# TASK STATEMENT
Everything below from the line with "- Swapping our" through the line with "Der Nordwestliche Fuß- und" must be retyped exactly, except the pictures.

# PROVIDED ENTRIES
[Start of Attachment]
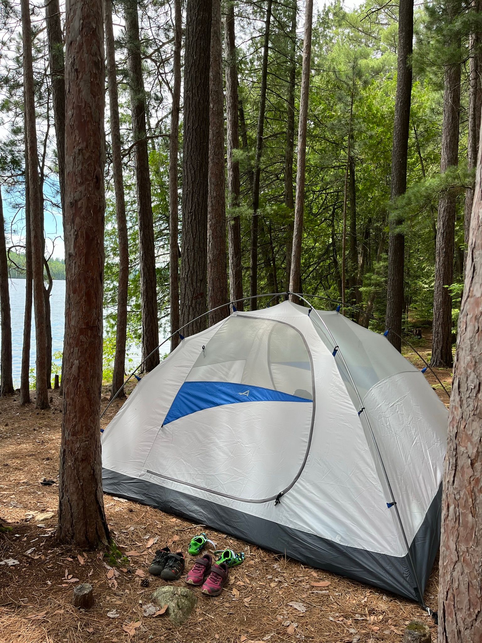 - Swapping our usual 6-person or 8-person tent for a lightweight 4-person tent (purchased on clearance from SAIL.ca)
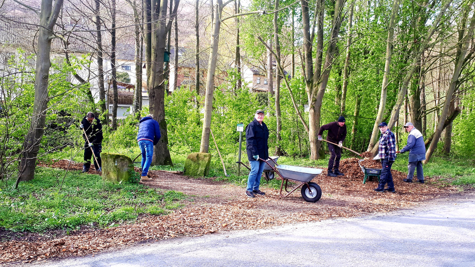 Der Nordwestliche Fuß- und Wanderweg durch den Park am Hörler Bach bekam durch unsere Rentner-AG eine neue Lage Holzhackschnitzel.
[End of Attachment]
[Start of Attachment]
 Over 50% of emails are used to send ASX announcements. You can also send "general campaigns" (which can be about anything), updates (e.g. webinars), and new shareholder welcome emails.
[End of Attachment]
[Start of Attachment]
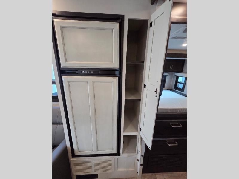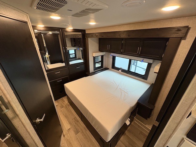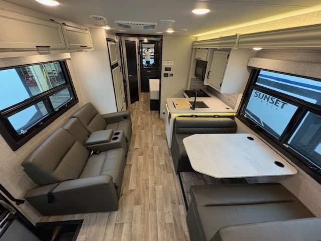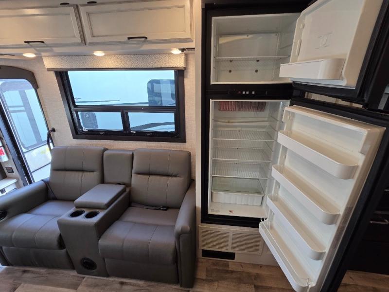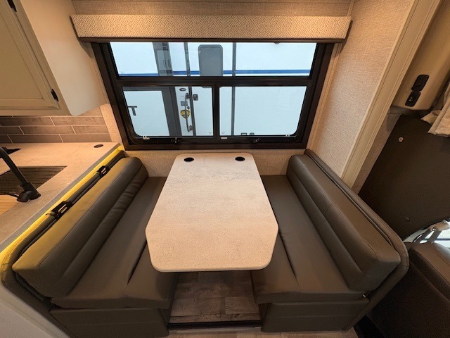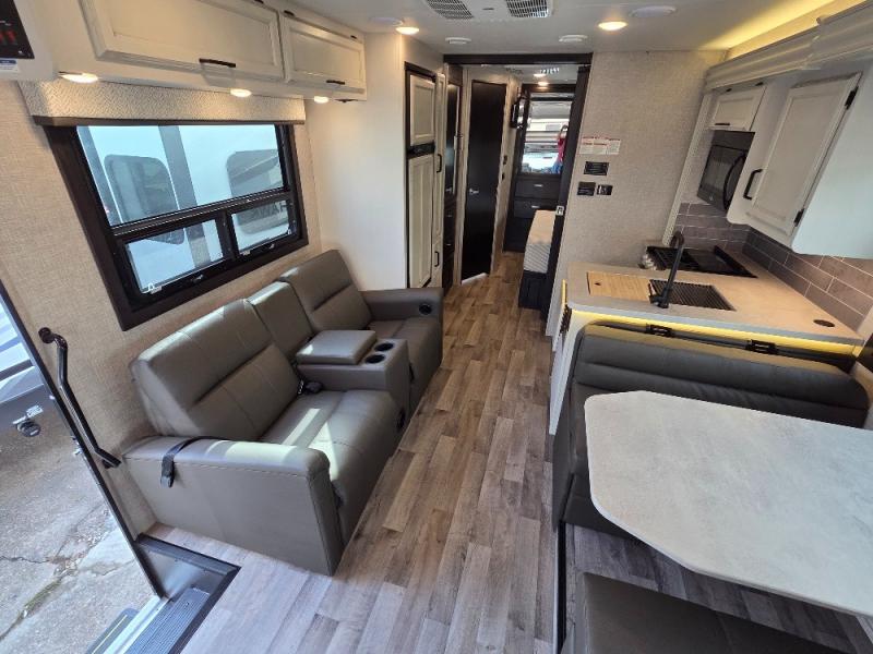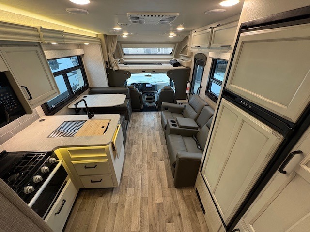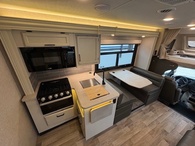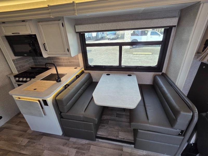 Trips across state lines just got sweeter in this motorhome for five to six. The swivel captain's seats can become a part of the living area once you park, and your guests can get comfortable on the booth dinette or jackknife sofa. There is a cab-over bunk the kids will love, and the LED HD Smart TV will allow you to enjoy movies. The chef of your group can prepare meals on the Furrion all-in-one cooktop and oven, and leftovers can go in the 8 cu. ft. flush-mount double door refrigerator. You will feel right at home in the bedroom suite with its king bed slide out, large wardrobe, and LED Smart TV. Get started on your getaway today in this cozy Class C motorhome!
[End of Attachment]
# ANSWER TO THIS PROBLEM
 - Swapping our usual 6-person or 8-person tent for a lightweight 4-person tent (purchased on clearance from SAIL.ca)
 Der Nordwestliche Fuß- und Wanderweg durch den Park am Hörler Bach bekam durch unsere Rentner-AG eine neue Lage Holzhackschnitzel.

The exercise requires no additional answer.